Indian Oil Corporation (IOC) reported a net profit of Rs 3,122 crore for the July-September quarter, against a net loss of Rs 450 crore in the same period last year.
“Last year, we had an inventory loss of Rs 5,134 crore; it has come down to Rs 686 crore this year. Better petrochemical margins also played a role,” B Ashok, chairman of the government-owned company, told journalists.
Income from operations rose three per cent to Rs 100,274 crore from a year before. The gross refining margin was $4.32 a barrel, from $0.9 a barrel in the same period of 2015-16. The refining throughput was 15.6 million tonnes; of the pipeline network, almost 21 mt.
“Our physical performance continues to be very good. As on September 30, debt stood at Rs 41,885 crore, as compared to Rs 525,46 crore at the same time the last financial year,” Ashok added.

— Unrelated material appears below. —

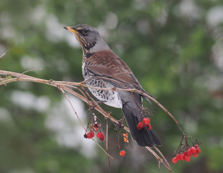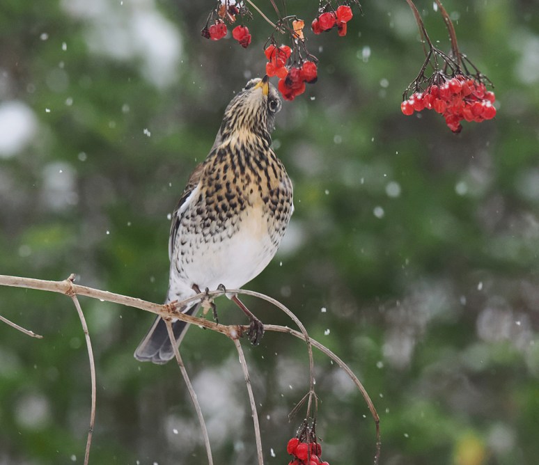 Eén soort waar ik dan altijd naar uitkijk is de Kramsvogel. Zodra de voorraad meidoornbessen in het open landschap compleet is verorberd en de grond bevroren raakt en met sneeuw bedekt zoeken ze graag de alternatieven op en die vind je in mijn tuin in de vorm van de besjes van de Gelderse Roos.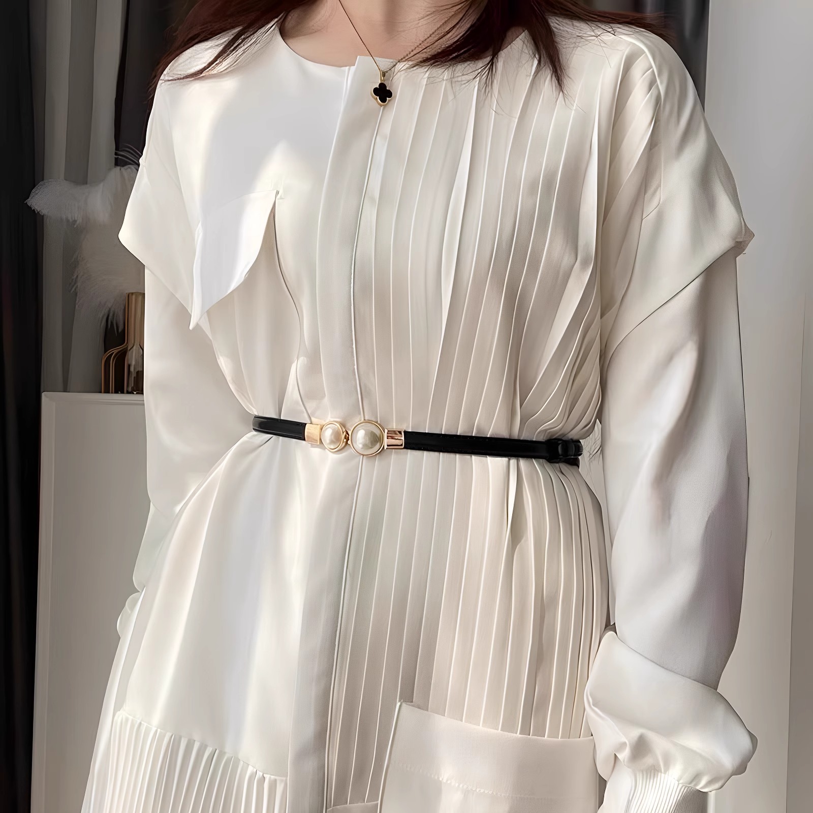 气质百搭细腰带珍珠显瘦细腰封女士新款装饰西装连衣裙收腰带潮流

Product sales, including exports, was 19.7 mt. The subsidy burden on kerosene was Rs 1,453 crore; on LPG, Rs 768 crore. Asked about competition from the newly aggressive foray of private players in the retail segment, the chairman said: “Competition is good for all of us. We have already lined up our expansion plans and will set up 1,200 retail outlets this year.”
As the pricing (for petrol and diesel) is now market-determined, new players will not get too much opportunity to experiment on this, he added.